> **Problem statement**
Please write out the listing exactly, leaving each picture out.

> **Data provided**
· · ·

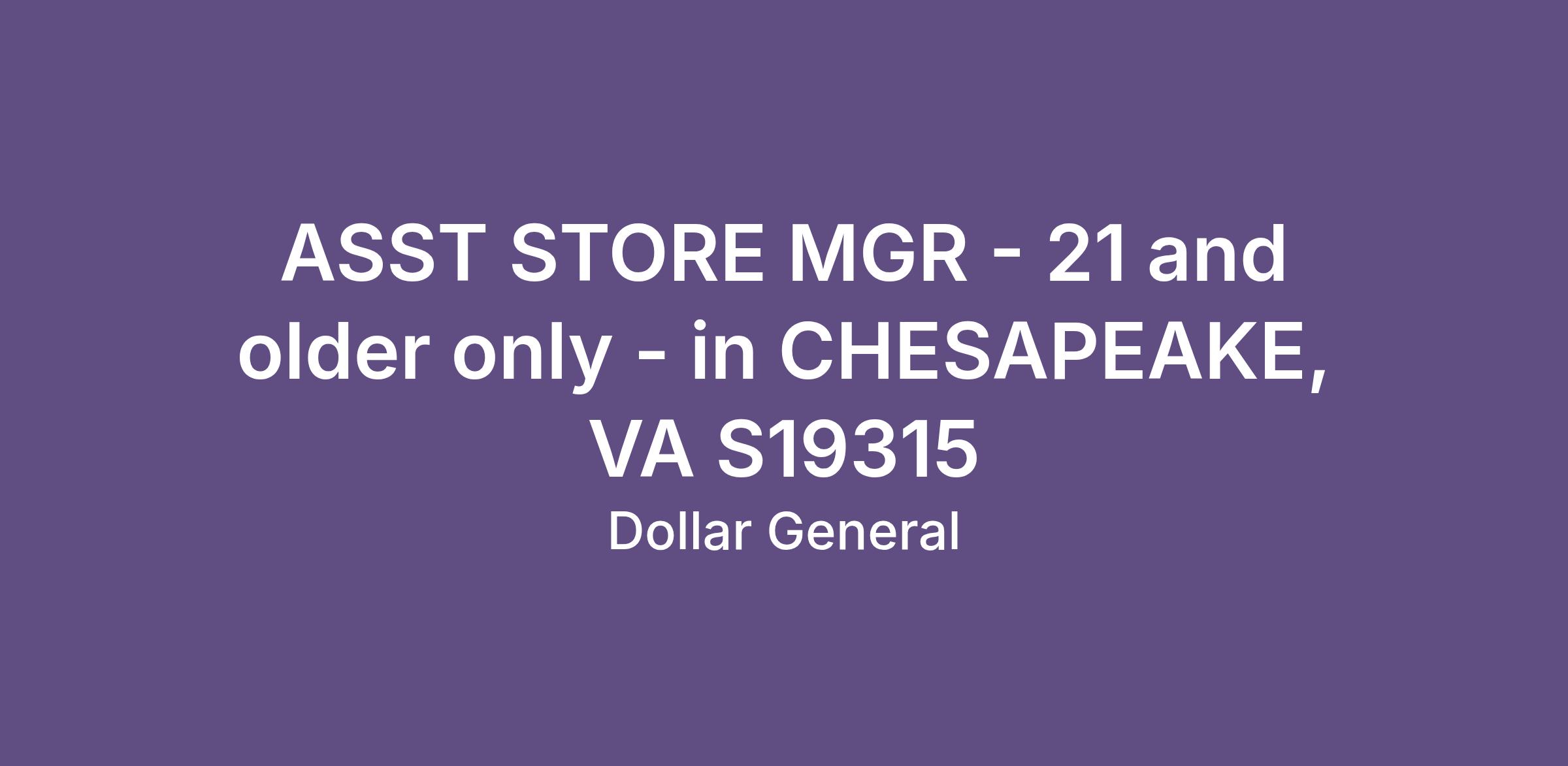 ASST STORE MGR - 21 and older only - in CHESAPEAKE, VA S19315
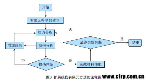 挖補(bǔ)修理有限元研究方法在過去的20年里取得了很大的發(fā)展。已經(jīng)從過去簡(jiǎn)單的2維研究發(fā)展為3維有限元仿真研究。材料的失效判斷也從過去簡(jiǎn)單判斷破壞與否的蔡-吳、蔡-希爾失效判據(jù)發(fā)展完善為目前常采用的能夠區(qū)分材料多種不同失效模式(纖維斷裂、基體開裂、纖維-基體剪切破壞和分層破壞)的Hashin失效判據(jù)。目前,修理結(jié)構(gòu)有限元仿真研究的最常用方法為擴(kuò)展損傷方法。圖3即為擴(kuò)展損傷方法的運(yùn)算流程圖。
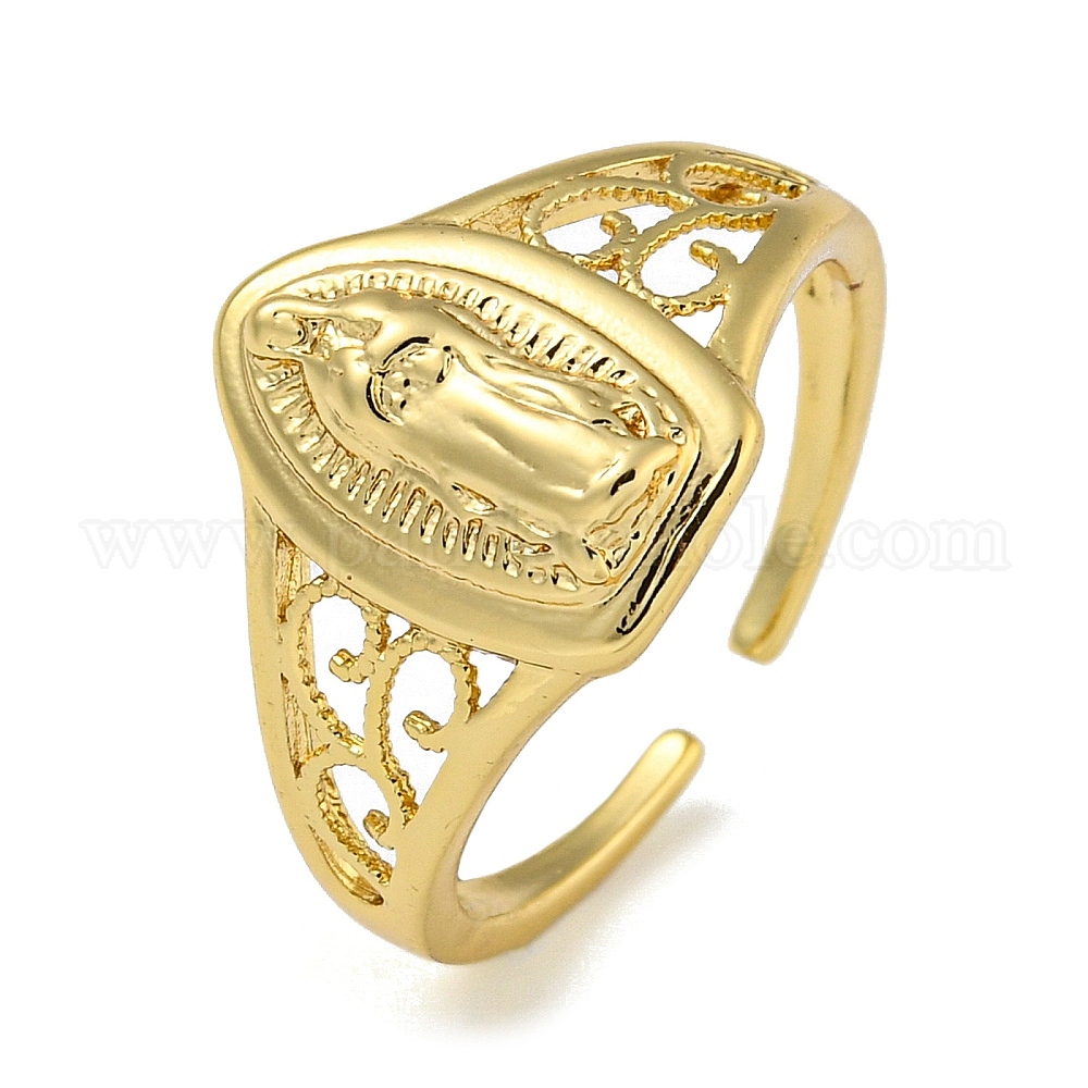 • Настоящее золото 18K Овальные латунные открытые манжеты с Девой Марией для женщин, без кадмия и без свинца, реальный 18 k позолоченный, 13.5 мм, регулируемый
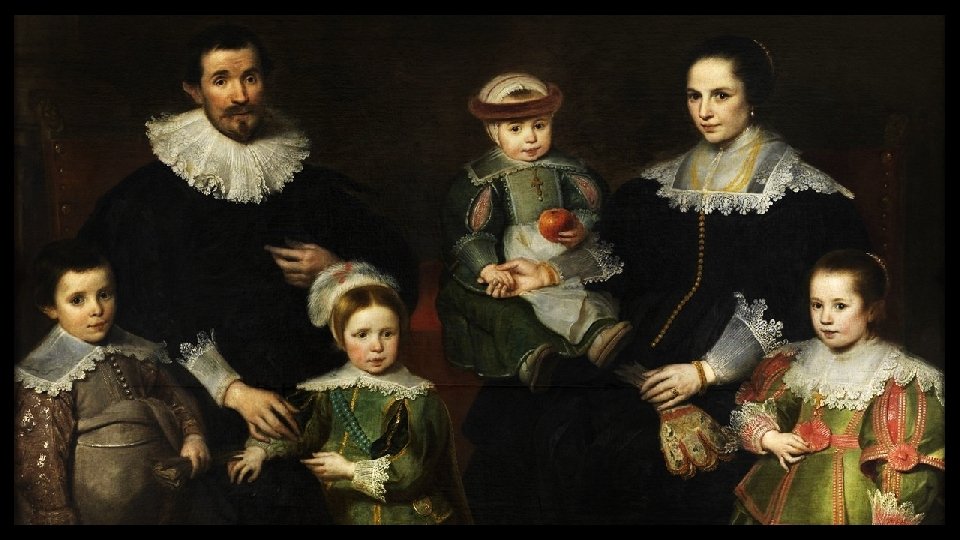 un portrait de famille et une signification moralisatrice … la pomme rouge fait référence à la fécondité et à l’éthique matrimoniale axée sur la procréation typique de la bourgeoisie du XVIIe siècle Cornelis de Vos Family Portrait de famille 1630 Museum voor Schone Kunsten, Ghent

· · ·

> **Written reply**
 ASST STORE MGR - 21 and older only - in CHESAPEAKE, VA S19315
 挖補(bǔ)修理有限元研究方法在過去的20年里取得了很大的發(fā)展。已經(jīng)從過去簡(jiǎn)單的2維研究發(fā)展為3維有限元仿真研究。材料的失效判斷也從過去簡(jiǎn)單判斷破壞與否的蔡-吳、蔡-希爾失效判據(jù)發(fā)展完善為目前常采用的能夠區(qū)分材料多種不同失效模式(纖維斷裂、基體開裂、纖維-基體剪切破壞和分層破壞)的Hashin失效判據(jù)。目前,修理結(jié)構(gòu)有限元仿真研究的最常用方法為擴(kuò)展損傷方法。圖3即為擴(kuò)展損傷方法的運(yùn)算流程圖。
 • Настоящее золото 18K Овальные латунные открытые манжеты с Девой Марией для женщин, без кадмия и без свинца, реальный 18 k позолоченный, 13.5 мм, регулируемый
 un portrait de famille et une signification moralisatrice … la pomme rouge fait référence à la fécondité et à l’éthique matrimoniale axée sur la procréation typique de la bourgeoisie du XVIIe siècle Cornelis de Vos Family Portrait de famille 1630 Museum voor Schone Kunsten, Ghent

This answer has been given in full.